[YOUR TASK]: Images are not wanted; transcribe the rest of the listing exactly.

[DATA SHOWN]:
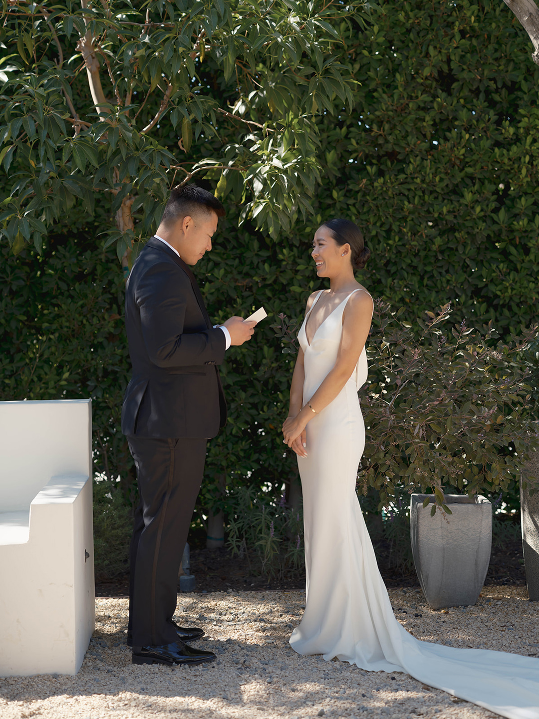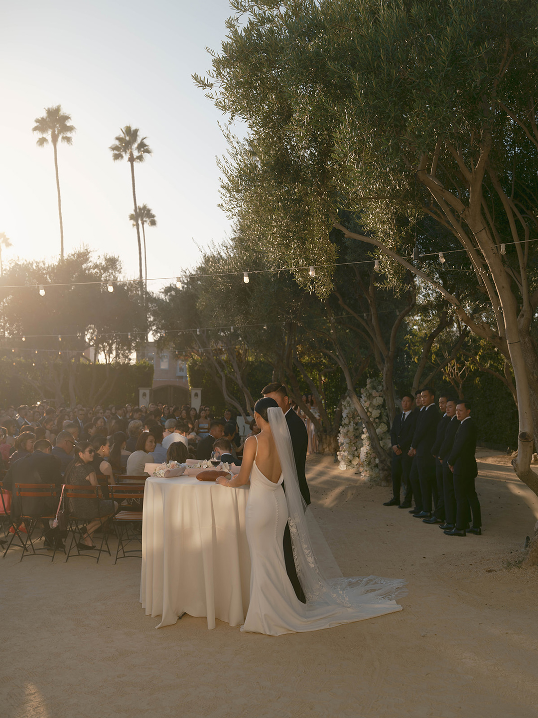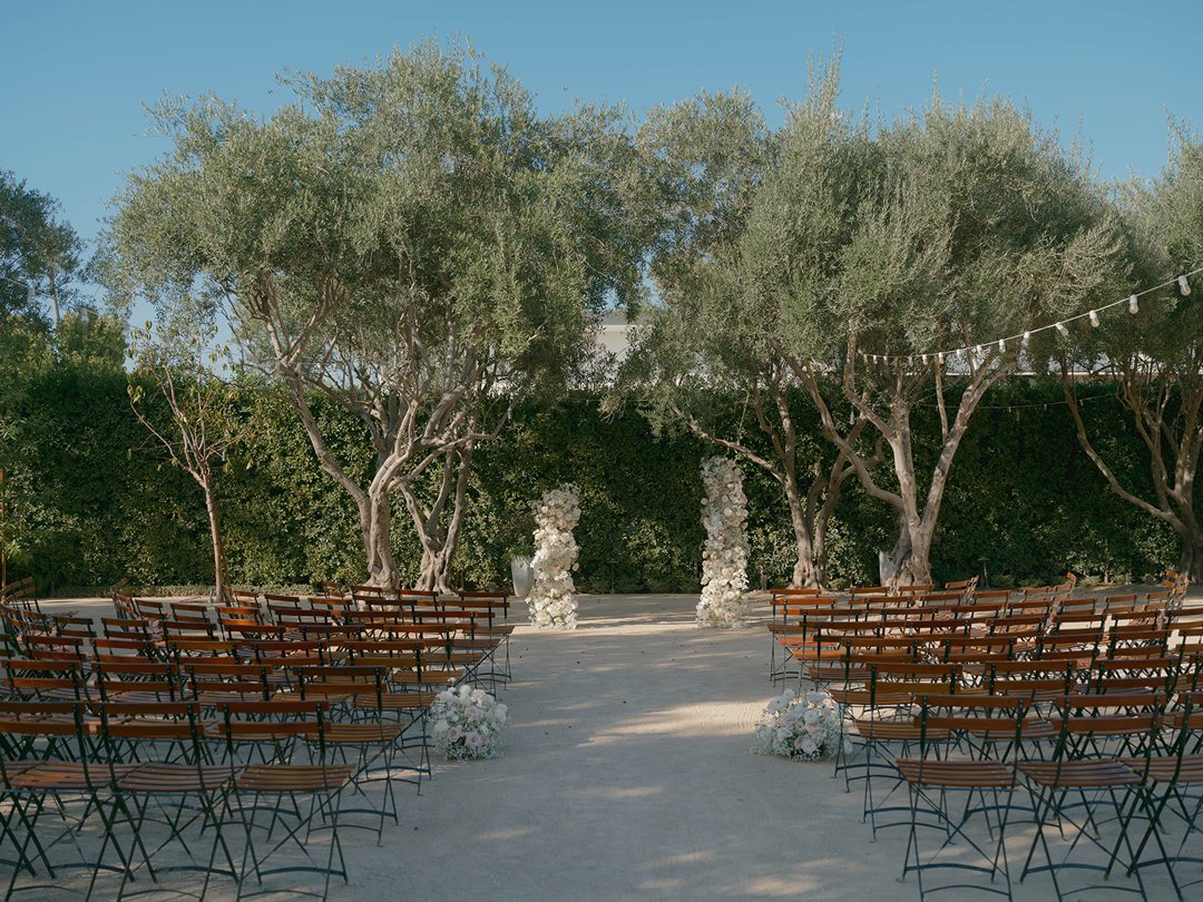 Danielle and Andrew’s closest loved ones each took turns sitting in front of the bride and groom as the tea ceremony was performed. Loving words were shared and tradition was upheld. At the end of the ceremony, guests had just started arriving and making their way back to the Olive Grove to take a seat for the wedding ceremony. White and light pink floral pillars marked the head of the aisle and matching arrangements were placed on both sides where chairs were lined up. Once everyone had taken a seat, the wedding party made their entrances ending with Danielle. In front of their closest friends and family, the bride and groom recited vows, broke bread, exchanged rings, and sealed the ceremony with a kiss.
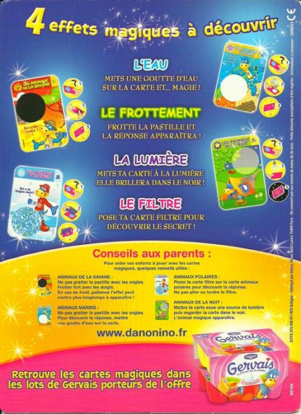 http://www.danonino.frDétail des 4 séries de 5 cartes:
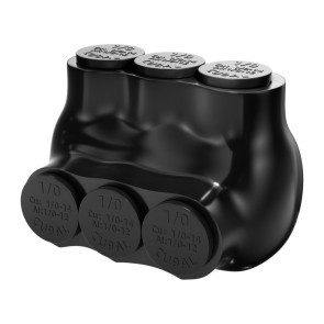This 1/0 AWG - 14 AWG 3-port single-sided entry insulated multi-tap connector is designed for Aluminum to Copper connections and features an dual-sided entry design.

[EXERCISE OUTPUT]:
 Danielle and Andrew’s closest loved ones each took turns sitting in front of the bride and groom as the tea ceremony was performed. Loving words were shared and tradition was upheld. At the end of the ceremony, guests had just started arriving and making their way back to the Olive Grove to take a seat for the wedding ceremony. White and light pink floral pillars marked the head of the aisle and matching arrangements were placed on both sides where chairs were lined up. Once everyone had taken a seat, the wedding party made their entrances ending with Danielle. In front of their closest friends and family, the bride and groom recited vows, broke bread, exchanged rings, and sealed the ceremony with a kiss.
 http://www.danonino.frDétail des 4 séries de 5 cartes:
This 1/0 AWG - 14 AWG 3-port single-sided entry insulated multi-tap connector is designed for Aluminum to Copper connections and features an dual-sided entry design.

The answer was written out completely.